### What you will do
Your answer must be the lines of the entries below, exactly as written, from the first line through the line containing "5月23日下午,我校在西区田".

### Given information
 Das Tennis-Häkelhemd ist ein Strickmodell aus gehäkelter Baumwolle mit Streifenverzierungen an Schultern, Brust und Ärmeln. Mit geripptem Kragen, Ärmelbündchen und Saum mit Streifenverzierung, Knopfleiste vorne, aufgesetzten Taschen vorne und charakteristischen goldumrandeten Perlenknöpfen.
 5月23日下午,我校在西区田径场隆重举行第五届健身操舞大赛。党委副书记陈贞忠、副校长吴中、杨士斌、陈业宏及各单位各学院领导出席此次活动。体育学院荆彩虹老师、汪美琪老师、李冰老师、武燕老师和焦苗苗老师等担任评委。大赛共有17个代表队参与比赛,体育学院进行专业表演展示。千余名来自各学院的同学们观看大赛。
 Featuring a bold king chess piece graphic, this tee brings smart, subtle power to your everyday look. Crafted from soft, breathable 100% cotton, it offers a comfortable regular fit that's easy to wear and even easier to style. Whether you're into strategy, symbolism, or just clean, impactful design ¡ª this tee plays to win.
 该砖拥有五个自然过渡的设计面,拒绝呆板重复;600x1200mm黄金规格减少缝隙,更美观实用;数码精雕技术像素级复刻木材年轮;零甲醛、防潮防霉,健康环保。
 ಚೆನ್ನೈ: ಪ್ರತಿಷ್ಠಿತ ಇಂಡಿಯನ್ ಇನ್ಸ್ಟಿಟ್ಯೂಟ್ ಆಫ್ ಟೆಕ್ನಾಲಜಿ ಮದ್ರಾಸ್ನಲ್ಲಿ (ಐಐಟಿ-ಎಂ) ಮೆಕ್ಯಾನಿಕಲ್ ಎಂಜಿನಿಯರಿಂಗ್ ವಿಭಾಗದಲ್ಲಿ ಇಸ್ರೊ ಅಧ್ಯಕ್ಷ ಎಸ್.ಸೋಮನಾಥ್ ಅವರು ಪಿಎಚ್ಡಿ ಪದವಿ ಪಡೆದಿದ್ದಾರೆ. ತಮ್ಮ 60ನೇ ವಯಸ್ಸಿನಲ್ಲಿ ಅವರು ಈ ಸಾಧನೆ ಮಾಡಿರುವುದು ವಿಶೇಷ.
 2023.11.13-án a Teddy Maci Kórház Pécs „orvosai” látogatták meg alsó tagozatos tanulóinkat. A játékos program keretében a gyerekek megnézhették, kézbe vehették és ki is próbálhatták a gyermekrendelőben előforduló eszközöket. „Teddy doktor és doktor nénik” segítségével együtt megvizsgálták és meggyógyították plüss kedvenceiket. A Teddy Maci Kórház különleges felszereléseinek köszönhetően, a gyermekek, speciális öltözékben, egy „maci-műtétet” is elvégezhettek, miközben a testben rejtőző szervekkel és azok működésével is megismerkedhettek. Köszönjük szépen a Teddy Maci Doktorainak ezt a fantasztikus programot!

### Answer to this exercise
 Das Tennis-Häkelhemd ist ein Strickmodell aus gehäkelter Baumwolle mit Streifenverzierungen an Schultern, Brust und Ärmeln. Mit geripptem Kragen, Ärmelbündchen und Saum mit Streifenverzierung, Knopfleiste vorne, aufgesetzten Taschen vorne und charakteristischen goldumrandeten Perlenknöpfen.
 5月23日下午,我校在西区田径场隆重举行第五届健身操舞大赛。党委副书记陈贞忠、副校长吴中、杨士斌、陈业宏及各单位各学院领导出席此次活动。体育学院荆彩虹老师、汪美琪老师、李冰老师、武燕老师和焦苗苗老师等担任评委。大赛共有17个代表队参与比赛,体育学院进行专业表演展示。千余名来自各学院的同学们观看大赛。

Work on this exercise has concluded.